* Problem requirements:
Exactly as written, transcribe the data from its opening line through the line containing "lights close-up shot". Leave every picture out.

Information provided: Begin

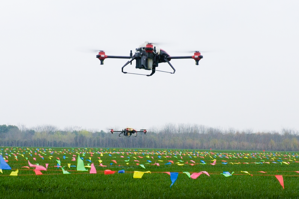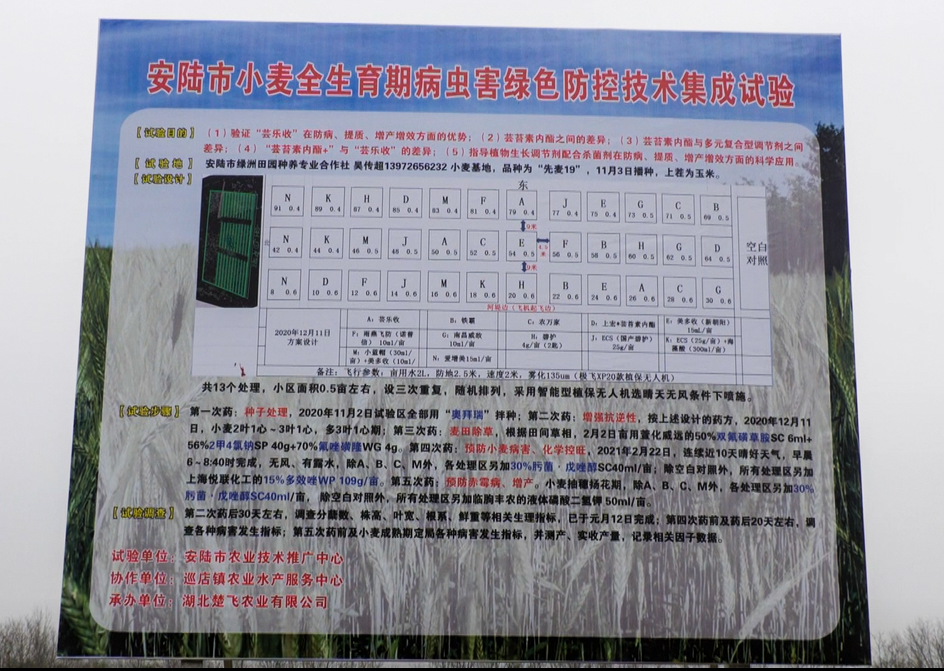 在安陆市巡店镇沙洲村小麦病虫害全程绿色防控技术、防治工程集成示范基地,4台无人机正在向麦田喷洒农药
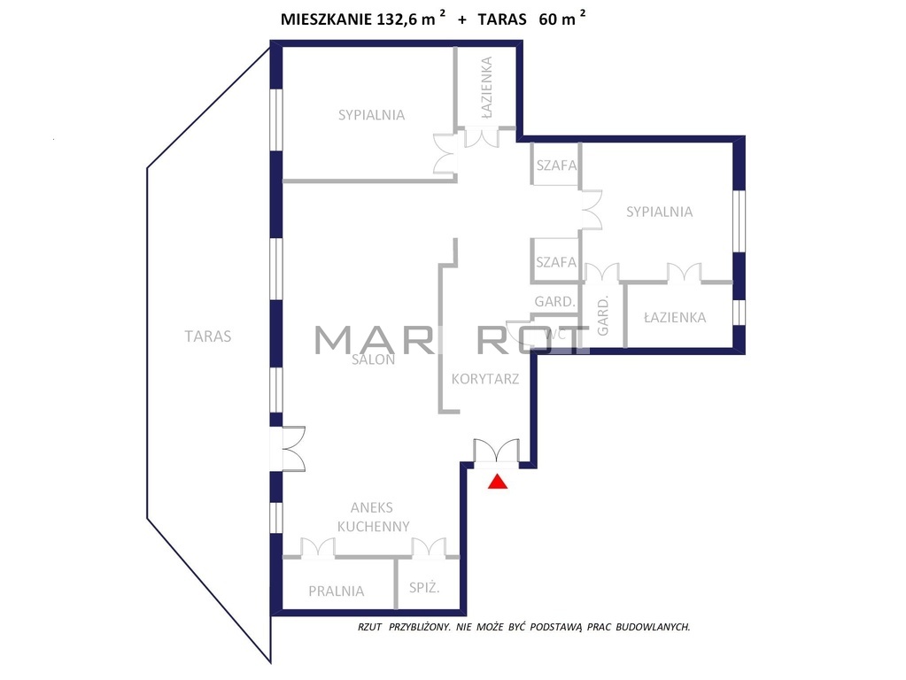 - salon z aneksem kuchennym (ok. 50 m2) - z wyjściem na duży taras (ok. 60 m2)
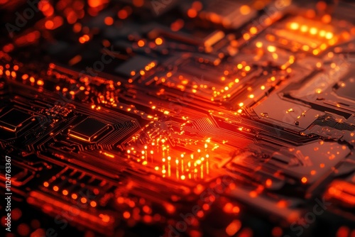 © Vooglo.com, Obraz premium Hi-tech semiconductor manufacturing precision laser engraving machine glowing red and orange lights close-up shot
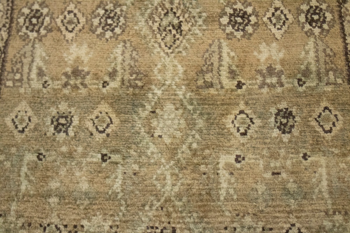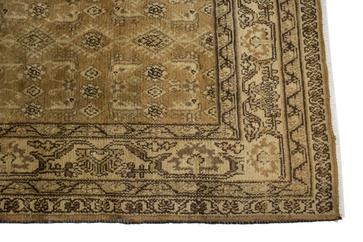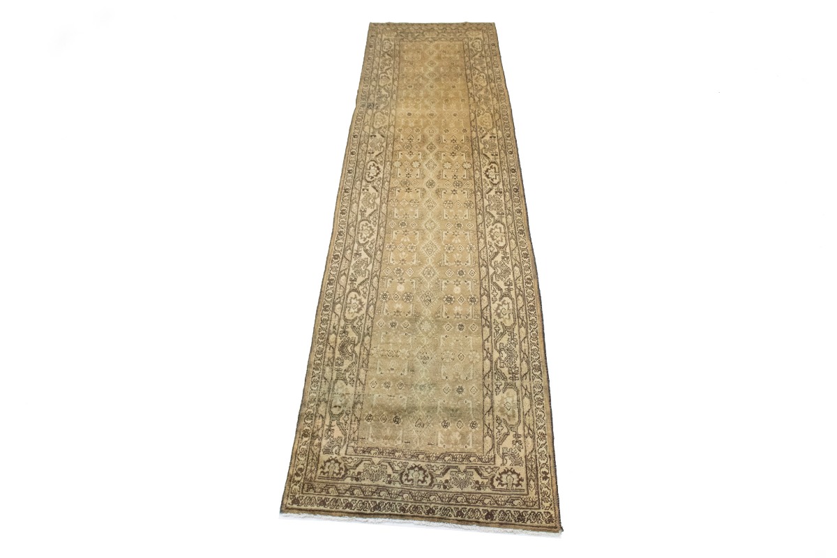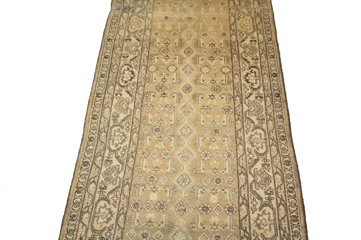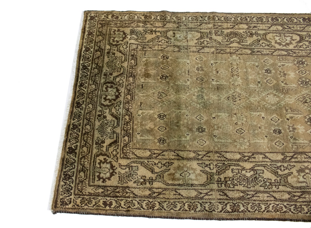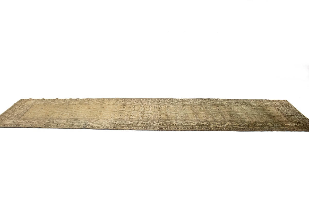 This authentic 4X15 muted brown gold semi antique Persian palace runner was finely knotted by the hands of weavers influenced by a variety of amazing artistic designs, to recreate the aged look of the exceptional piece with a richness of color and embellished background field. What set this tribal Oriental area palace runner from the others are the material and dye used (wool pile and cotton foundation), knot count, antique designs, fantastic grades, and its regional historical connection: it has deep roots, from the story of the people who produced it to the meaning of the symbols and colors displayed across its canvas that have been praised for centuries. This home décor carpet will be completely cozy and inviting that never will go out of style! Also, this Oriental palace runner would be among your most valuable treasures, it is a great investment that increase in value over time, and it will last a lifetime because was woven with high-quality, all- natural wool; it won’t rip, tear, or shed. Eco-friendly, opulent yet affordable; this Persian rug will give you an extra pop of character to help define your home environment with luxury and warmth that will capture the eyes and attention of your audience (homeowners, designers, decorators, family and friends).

Information provided: End

* Written solution:
 在安陆市巡店镇沙洲村小麦病虫害全程绿色防控技术、防治工程集成示范基地,4台无人机正在向麦田喷洒农药
 - salon z aneksem kuchennym (ok. 50 m2) - z wyjściem na duży taras (ok. 60 m2)
 © Vooglo.com, Obraz premium Hi-tech semiconductor manufacturing precision laser engraving machine glowing red and orange lights close-up shot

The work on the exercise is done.